January 16, 2013 / 6:01 AM / 5 years ago

STOCKS NEWS SINGAPORE-Shares rebound after three days of losses

Singapore shares edged higher by midday, rebounding after three straight days of losses, boosted by gains in Singapore Telecommunications Ltd as investors switched to defensive stocks on concerns over the health of global economic growth.

By 0537 GMT, the Straits Times Index was up 0.1 percent at 3,199.58 points, while the MSCI’s broadest index of Asia-Pacific shares outside Japan was down 0.5 percent.

SingTel was the largest gainer on the STI, rising 1.8 percent to S$3.46. Another defensive stock, transport operator ComfortDelGro Corp Ltd, climbed 1.6 percent to S$1.88.
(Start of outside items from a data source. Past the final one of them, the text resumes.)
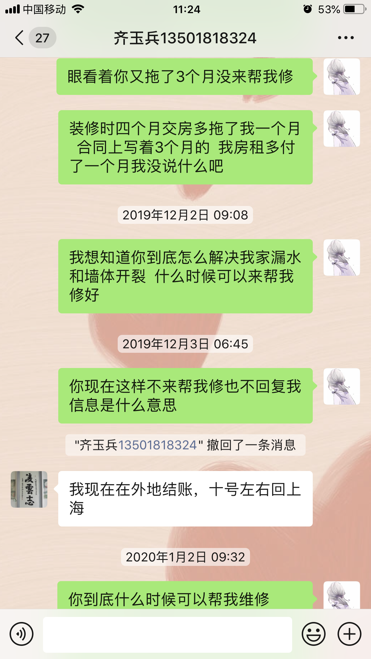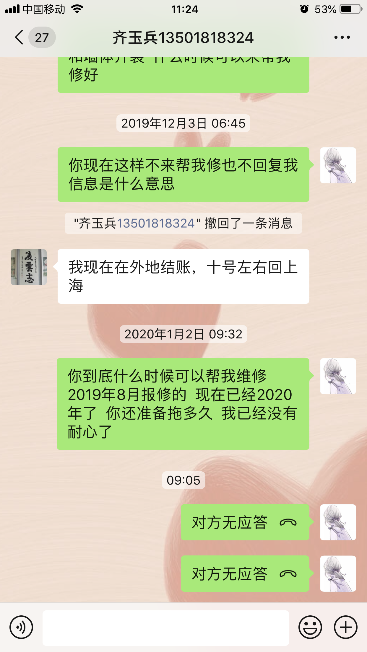 | 投訴類型 | 施工質(zhì)量 | 投訴人 | 蔣** | 被投訴單位 | 上海玉赟建筑裝飾工程有限公司 |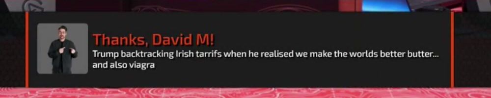Thanks, David M! Trump backtracking Irish tarrifs when he realised we make the worlds better butter... and also viagra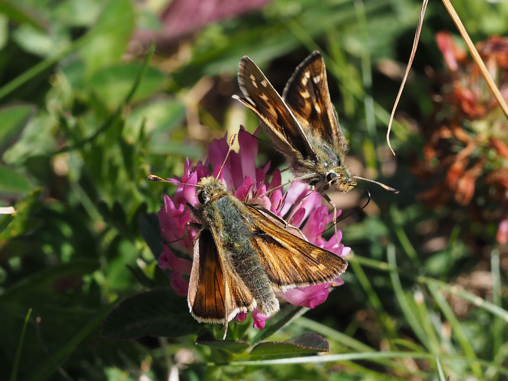 Kommadickköpfe auf Rotklee im August 2015 nördlich Chamonix-Mont-Blanc auf 1830 m (Frankreich). Vorn Männchen, hinten Weibchen. (© Matthias Nuß)( Bild vergrößern)

The World Bank on Tuesday sharply cut its 2013 outlook for the world economy to 2.4 percent from its last forecast in June of 3.0 percent, blaming an unexpectedly sluggish recovery in developed countries for holding back global growth.

Shares of property developers such as CapitaLand are also up, after falling earlier this week on news of a fresh round of government measures to cool housing prices.

CapitaLand rose 1.3 percent to S$3.78 while City Developments Ltd gained 0.9 percent to S$11.43.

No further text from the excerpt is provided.